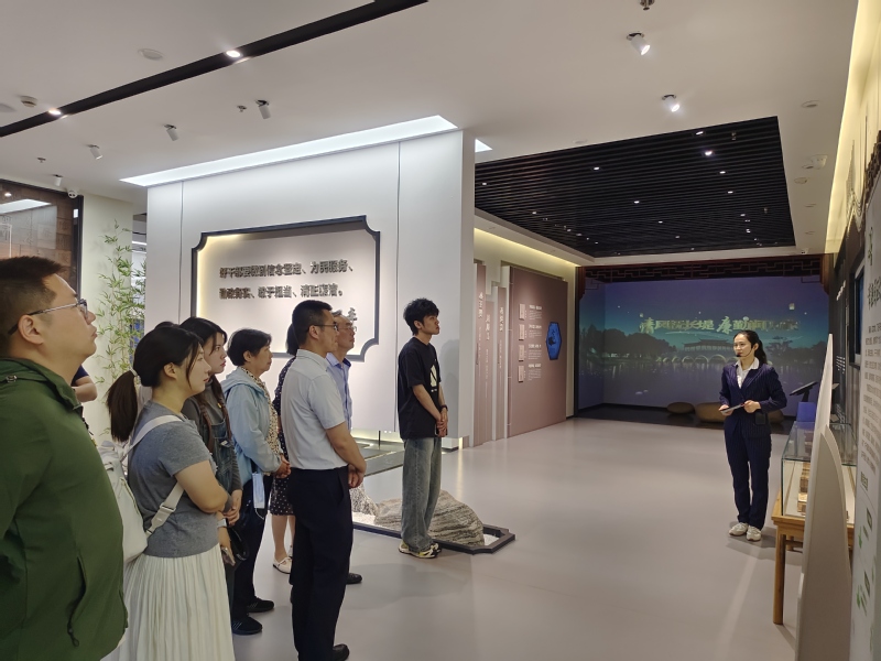党员一行首先走进李公堤廉勤文化馆古代展区,沿着“源起李公堤,寻江南风骨”的脉络,探寻廉勤文化的历史渊源。馆内以“廉勤为民”为核心,通过苏工、苏作精品与多媒体展陈,立体呈现了以清代廉吏李超琼为代表的古代清官事迹。在“李超琼与李公堤”专题展区,党员们驻足观看光绪年间李超琼“以工代赈”修建金鸡湖堤坝的史料档案 —— 从实地勘察时“抱病督工”的记载,到竣工时“移舟穿曲浦,堤势偃长虹”的诗句,生动展现了其“为官一任、造福一方”的担当精神。馆内陈列的姚建萍“清莲园区”双面绣、蔡云娣清官砖雕等艺术作品,将江南廉韵与传统工艺巧妙融合,让党员们直观感受到“以廉为美、以勤为贵的文化浸润。
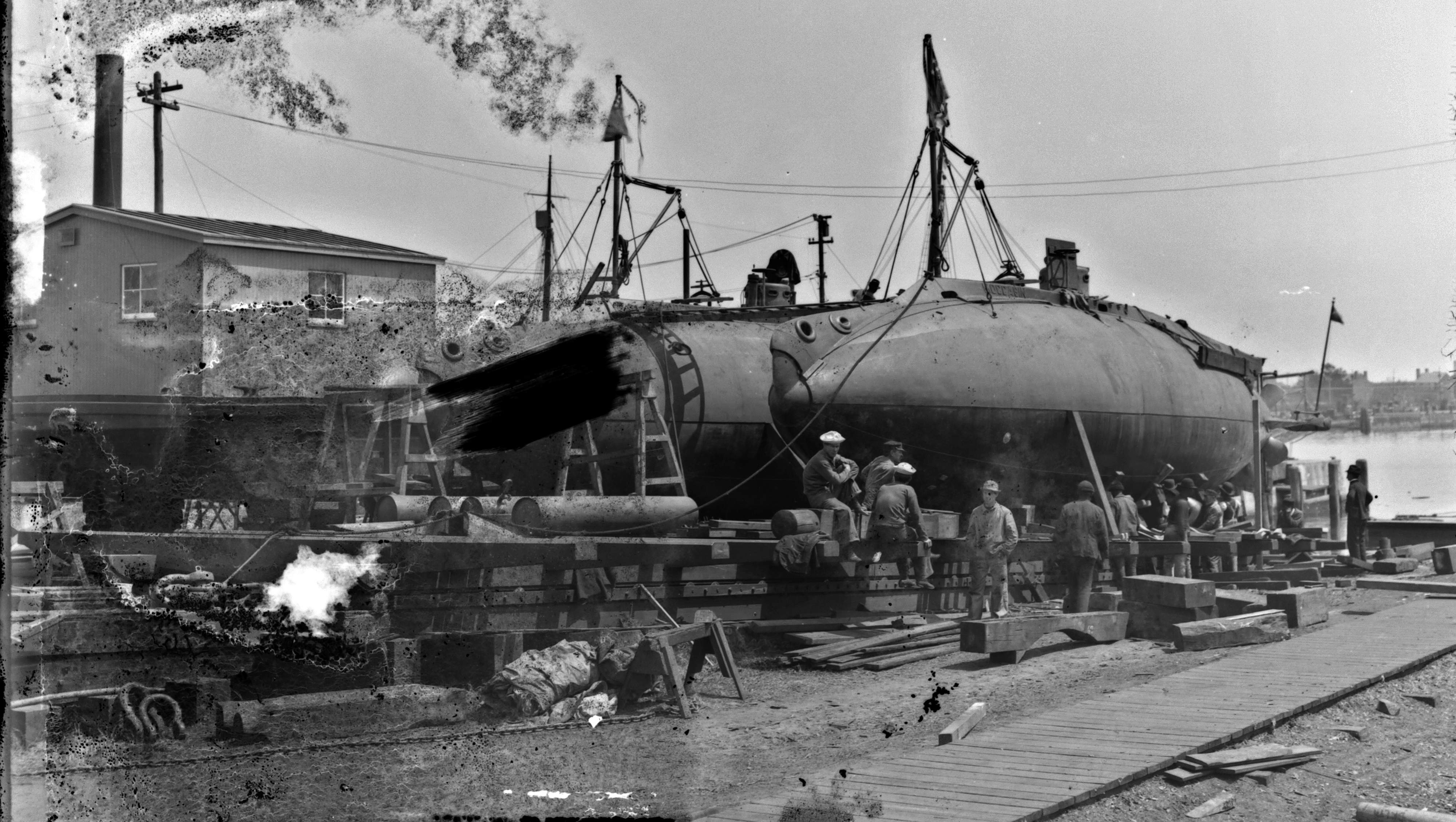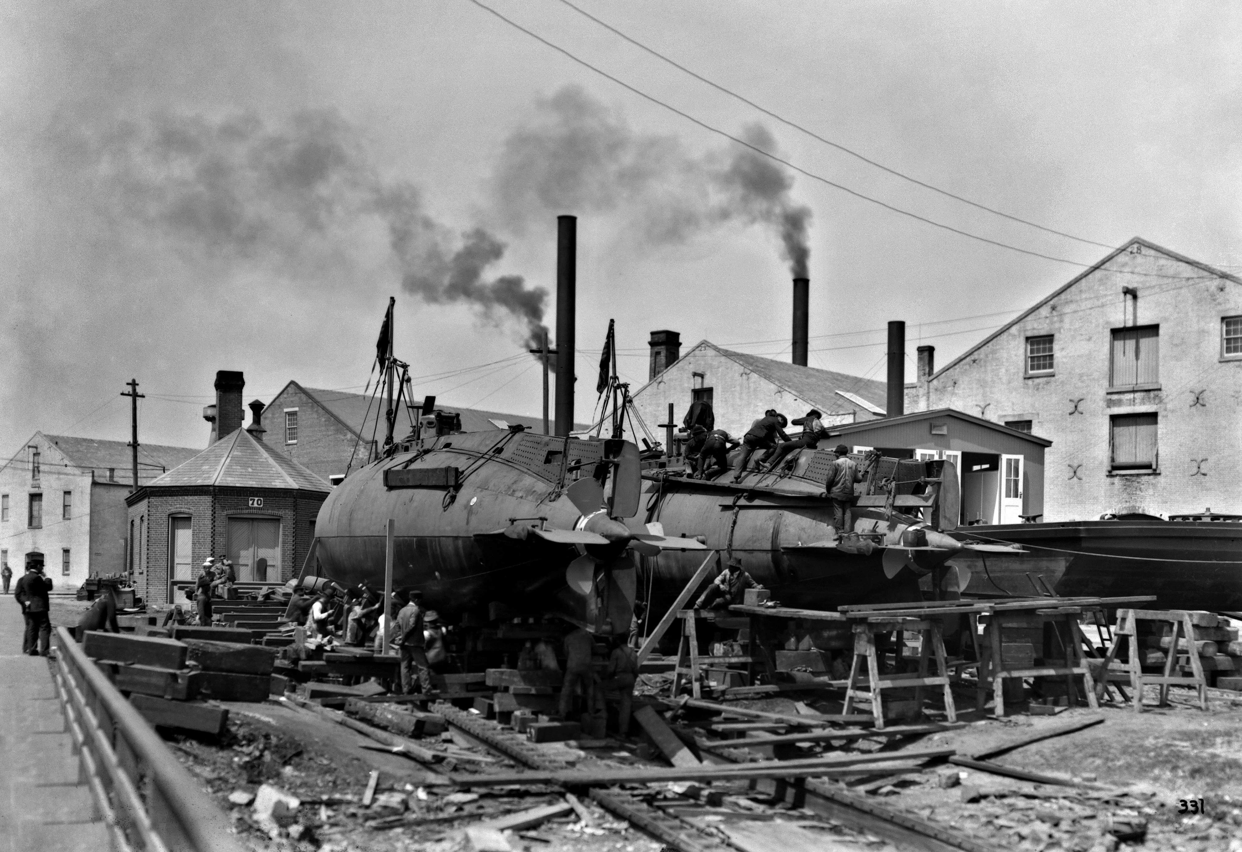 101k | Moccasin (SS-5) fitting out at the Electric Boat Company/Holland Torpedo Boat Company facility, New Suffolk, Long Island, New York, circa 1903. The incomplete submarine Plunger (of 1895) is in the background. | USNHC photograph # NH 45935. | |
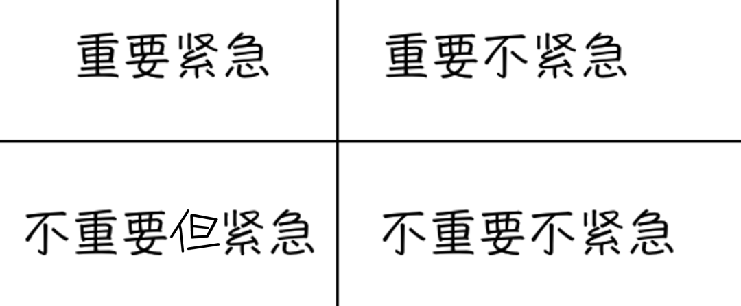 在时间管理中,非常流行的一种任务分类法即四象限图法,把所有的任务按照以下四种分类:
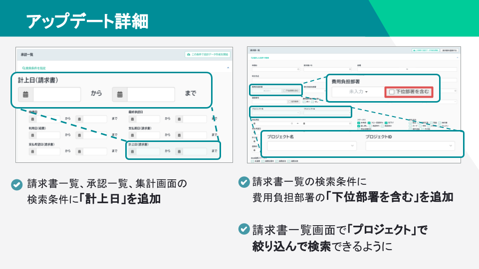また請求書一覧画面では、プロジェクト名/プロジェクトIDによる検索や、費用負担部署の検索時に、部署の下に配置される組織を含んで検索できるようになり、請求書一覧から目的の請求書をさらに見つけやすくなっています。
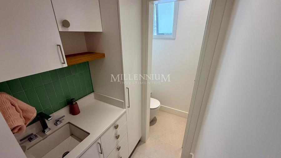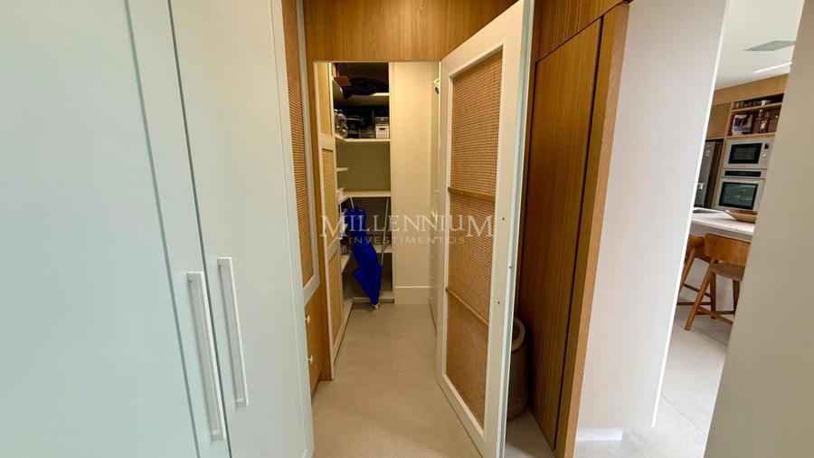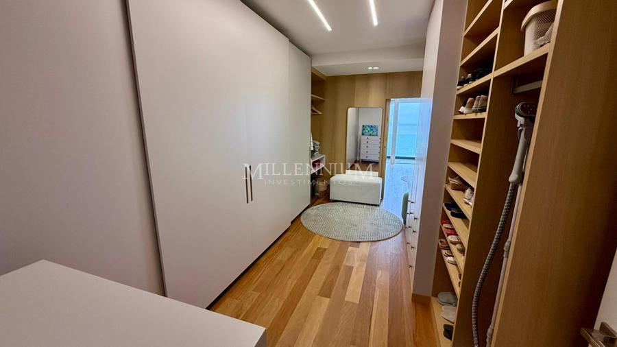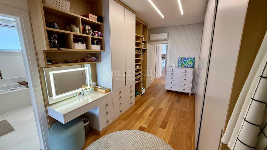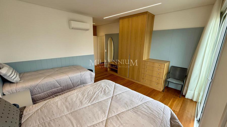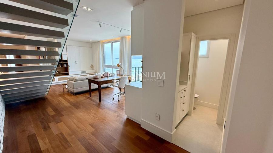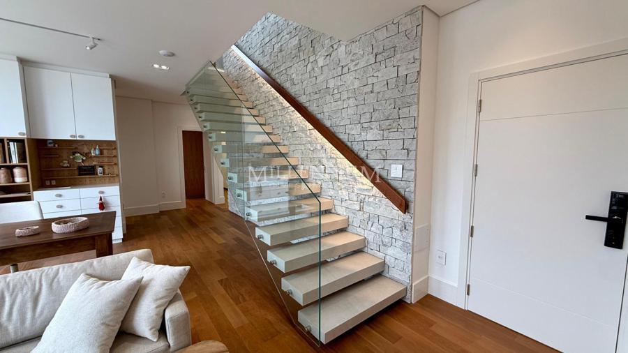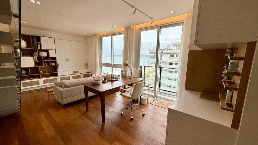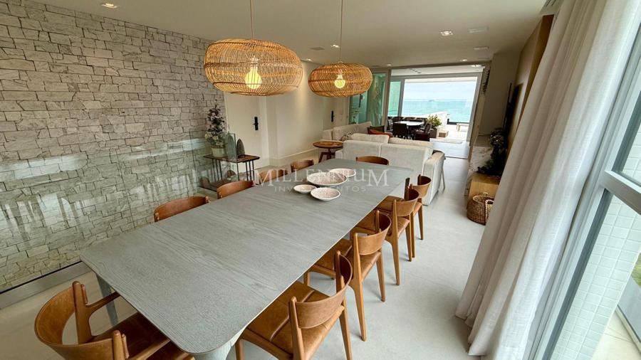 Cobertura Duplex na Praia Brava em Itajaí com 450m² privativos, 04 suítes sendo 02 suíte máster com closet e hidromassagem, lavabo, living integrado com sala de estar e sala de jantar, sala de TV, sacada, cozinha, churrasqueira à carvão, piscina aquecida privativa, sauna, lareira, área de serviço e 04 vagas de garagem.
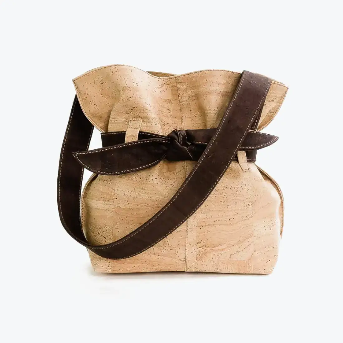 Mala em cortiça com laço.
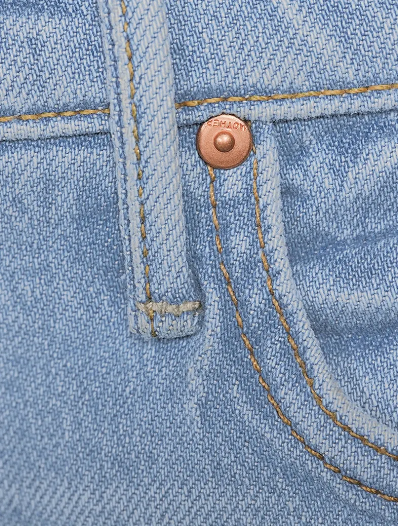 A mid-rise straight leg with a cropped inseam and a clean hem. Made from semi-rigid SUPERIOR denim in a light was with whiskering and fading throughout for a lived-in look.
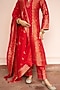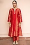 Featuring a red A-line kurta in vegan silk base with paisley jaal and zari gota detailing. It is paired with pants and a dupatta. Style it with polki earrings, block heels and an embellished clutch, perfect for diwali celebrations or cozy family get-togethers.
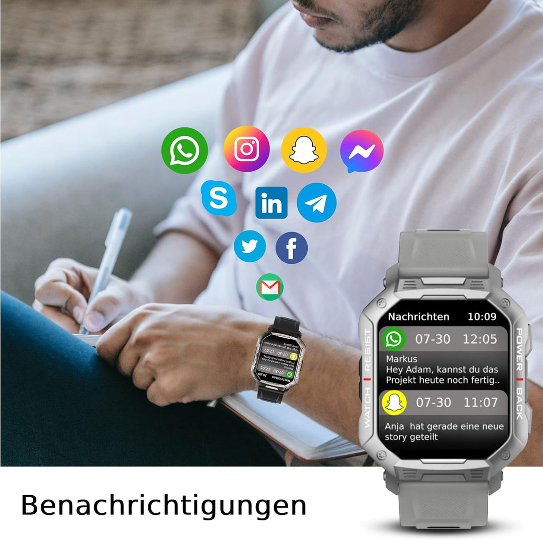 - đ [Telefonfunktion & Benachrichtigungen ] Der Lautsprecher und das Hochleistungsmikrofon ermöglichen es Ihnen, Anrufe auf Ihrer Smartwatch zu tĂ€tigen, ohne Ihr Telefon herausnehmen zu mĂŒssen. Sie können eingehende/ausgehende Anrufe annehmen und
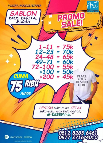 Terima Custom Sablon Kaos Bahan Cotton Combed Premium Berbagai Ukuran
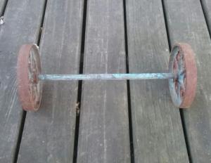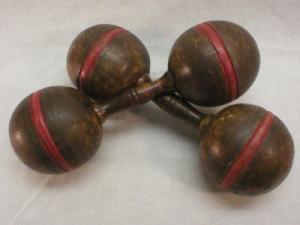 Antique Wood 2 Pound Barbells Red Paint Decorated Pair
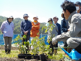 開園当初からお世話になっている肥田野アドバイザーの提案で、利用者さんに植え付け指導した事がないので、菜園体験の場を借りて説明しましょうと言う事になりました。
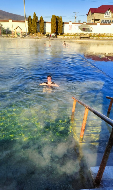 У вас будет время, чтобы протестировать пользу воды и окунуться в тёплые источники. Температура — от 30 до 60 градусов. Общий бассейн находится на открытом воздухе.
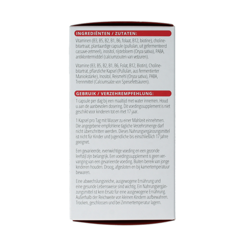 Vitaminen (B3, B5, B2, B1, B6, folaat, B12, biotine), cholinebitartraat, plantaardige capsule (pullulan, uit gefermenteerd cassave-zetmeel), inositol, rijstebloem (Oryza sativa), PABA, antiklontermiddel (calciumzouten van vetzuren).
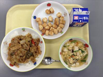ご飯 はたはたの竜田揚げ バンサンスー 麻婆豆腐 花みかん 牛乳
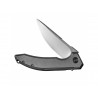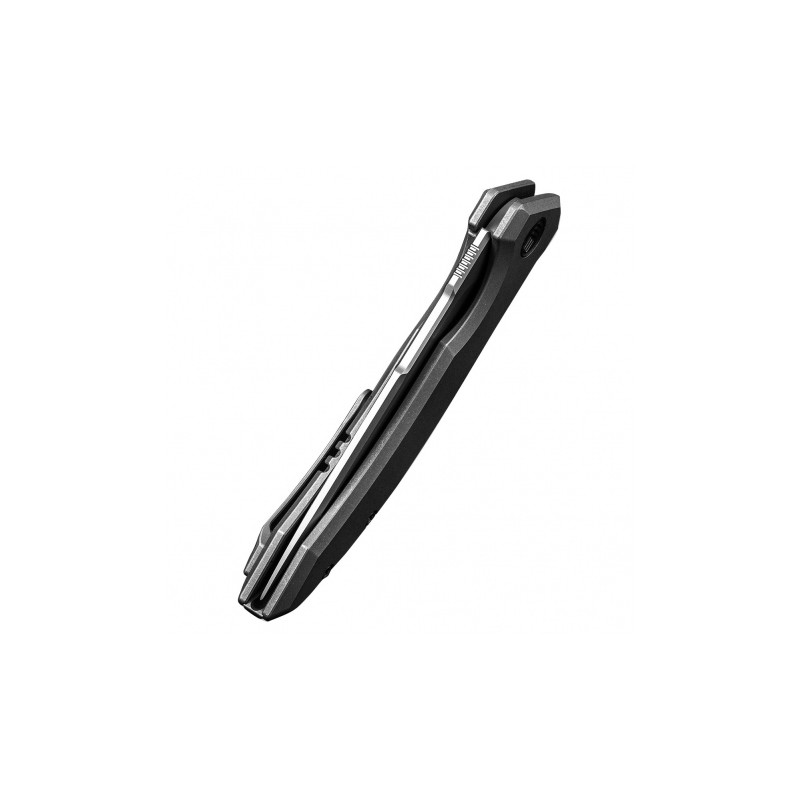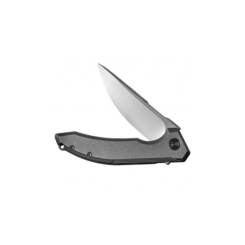 Klingę WE Quixotic wykuto ze stali CPM-20CV, zapewniającej znakomitą trwałość i odporność na korozję. Wszechstronną głownię typu Drop Point, zahartowaną do 59-61 HRC, otwieraną za pomocą flippera, wykończono metodą Bead Blast. Rękojeść wykonano z tytanu. Całość blokuje sprawdzony mechanizm Frame Lock.
•••
◆ **How to complete this task**: Within the entries above, the lines from the one containing "Cobertura Duplex na" through the one containing "A mid-rise straight" are to be transcribed exactly, ends included, pictures excluded.

◆ **Reply to the task**:
 Cobertura Duplex na Praia Brava em Itajaí com 450m² privativos, 04 suítes sendo 02 suíte máster com closet e hidromassagem, lavabo, living integrado com sala de estar e sala de jantar, sala de TV, sacada, cozinha, churrasqueira à carvão, piscina aquecida privativa, sauna, lareira, área de serviço e 04 vagas de garagem.
 Mala em cortiça com laço.
 A mid-rise straight leg with a cropped inseam and a clean hem. Made from semi-rigid SUPERIOR denim in a light was with whiskering and fading throughout for a lived-in look.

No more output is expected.